Un conocido cantante contestó, cuando le preguntaron en una entrevista, si él era persona de fe: ‘Bueno, sí, creo en Dios, pero ¡no en los dogmas de la Iglesia!’, y explicó con voz tipluda y gesto escandalizado: ‘es que ¡de plano se quedó en el oscurantismo de la Edad Media!’. Quien lo entrevistaba se rio y le dio la razón.
No sé si él leerá esto, pero lo que dijo amerita contestación, porque hay otras personas que comparten su opinión. En ciertos ambientes es ‘bien visto’, considerado una muestra de gran inteligencia y de elevado nivel intelectual, dárselas de que uno no cree en ningún ‘dogma’, como dando a entender que uno está muy por encima de conceptos cerrados, opresores, que uno es una persona libre, ‘moderna’, que cree en lo que se le da la gana y a la que nadie le dice lo que debe creer.

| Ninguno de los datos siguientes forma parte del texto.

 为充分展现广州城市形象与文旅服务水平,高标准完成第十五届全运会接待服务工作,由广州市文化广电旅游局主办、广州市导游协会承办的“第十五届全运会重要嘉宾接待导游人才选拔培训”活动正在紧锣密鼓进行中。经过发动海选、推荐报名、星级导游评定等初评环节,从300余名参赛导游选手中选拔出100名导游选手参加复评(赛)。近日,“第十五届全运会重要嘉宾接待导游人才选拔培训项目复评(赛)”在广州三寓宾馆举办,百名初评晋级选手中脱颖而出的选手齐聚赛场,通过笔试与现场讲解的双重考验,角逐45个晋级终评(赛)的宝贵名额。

Pero la realidad es todo lo contrario. Sin los dogmas, no seríamos libres, sino prisioneros de nuestra ignorancia y límites, obligados a inventar y reinventar el hilo negro a cada paso, sin saber bien a bien en qué creer.

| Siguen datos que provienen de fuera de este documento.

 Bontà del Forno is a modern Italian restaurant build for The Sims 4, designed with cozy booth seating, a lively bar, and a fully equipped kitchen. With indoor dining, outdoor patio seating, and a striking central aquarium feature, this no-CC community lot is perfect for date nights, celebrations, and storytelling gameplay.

Para entenderlo, empecemos por aclarar qué es un dogma.
El diccionario de la Real Academia de la Lengua Española ofrece tres definiciones: 1. Proposición tenida por cierta y como principio innegable. 2. Conjunto de creencias de carácter indiscutible. 3. Fundamento o punto capital de un sistema, ciencia o doctrina.
Esto significa que los dogmas son los fundamentos sobre los que se puede edificar sólidamente un sistema, ciencia o doctrina. Liberarse de ellos no da libertad, sino inseguridad, como edificar sin cimentos.

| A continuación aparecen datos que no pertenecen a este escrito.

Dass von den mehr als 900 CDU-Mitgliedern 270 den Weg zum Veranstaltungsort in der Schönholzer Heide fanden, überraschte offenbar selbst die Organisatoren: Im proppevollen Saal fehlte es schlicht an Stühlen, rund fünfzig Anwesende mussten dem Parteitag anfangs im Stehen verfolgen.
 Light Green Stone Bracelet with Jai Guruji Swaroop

Consideremos estos ejemplos: Si un matemático dijera: ‘yo no creo en dogmas, a mí que no me vengan a imponer que dos más dos son cuatro, yo quiero pensar que el resultado puede variar’, su supuesta libertad no le ayudaría, todo lo contrario, lo orillaría al caos, pues no tendría un fundamento sólido para realizar operaciones matemáticas con la seguridad de obtener un resultado cierto.
Del mismo modo, un católico que dice creer en Dios pero no en los dogmas de la Iglesia, está tratando de deshacerse de principios que son fundamentales para su fe, cuya intención no es ‘obligarlo’ a creer sólo por obligarlo, sino darle una base firme, inamovible, incambiable, sobre la que puede asentar sólidamente su fe, sin temor a que le digan mañana que todo cambió.
Jesucristo no sólo fundó la Iglesia (ver Mt 16, 15-|19), sino se identificó con ella (ver Hch 9,1-5; Lc 10,16), así que no se puede creer en Él sin ella. Y prometió enviarle Su Espíritu Santo para recordarle Sus palabras (ver Jn 14, 26), y para guiarla hacia la verdad (ver Jn 16, 13).
Así pues, lo que los católicos creemos no es invención, sino revelación de Dios. Nuestra principal motivación para ser católicos es que estamos convencidos de que la Iglesia posee la plenitud de la verdad revelada por Él. Y los dogmas de la Iglesia contienen y expresan esa verdad. Por eso se les llama también ‘verdades de fe’.
¿Cómo sabemos con certeza que son verdad? Porque Dios concedió al Papa el don de definir los dogmas con infalibilidad. Y ojo, cabe aclarar que los católicos no creemos que el Papa sea siempre infalible, sabemos que es un ser humano como todos, con caídas y errores. Solamente es infalible cuando, haciendo uso de su potestad como Vicario de Cristo, sucesor de Pedro, define un dogma, bajo la guía del Espíritu Santo y en comunión con toda la Iglesia.
Hay quien se queja de los dogmas de la Iglesia como si fueran miles o como si todo lo que ella enseñara fueran dogmas, y los católicos estuviéramos bombardeados por ellos. No es así. Son muy pocos, definidos a lo largo de los siglos, pero nos dan la seguridad de que podemos asentar en ellos nuestra fe, como sobre roca firme, sin temor de que, como les ha sucedido a otras iglesias, sectas y denominaciones religiosas, se les abran grietas y terminen convertidas en arenas movedizas por las presiones de la ‘modernidad’, de la ‘moda’ del momento o de lo ‘políticamente correcto’.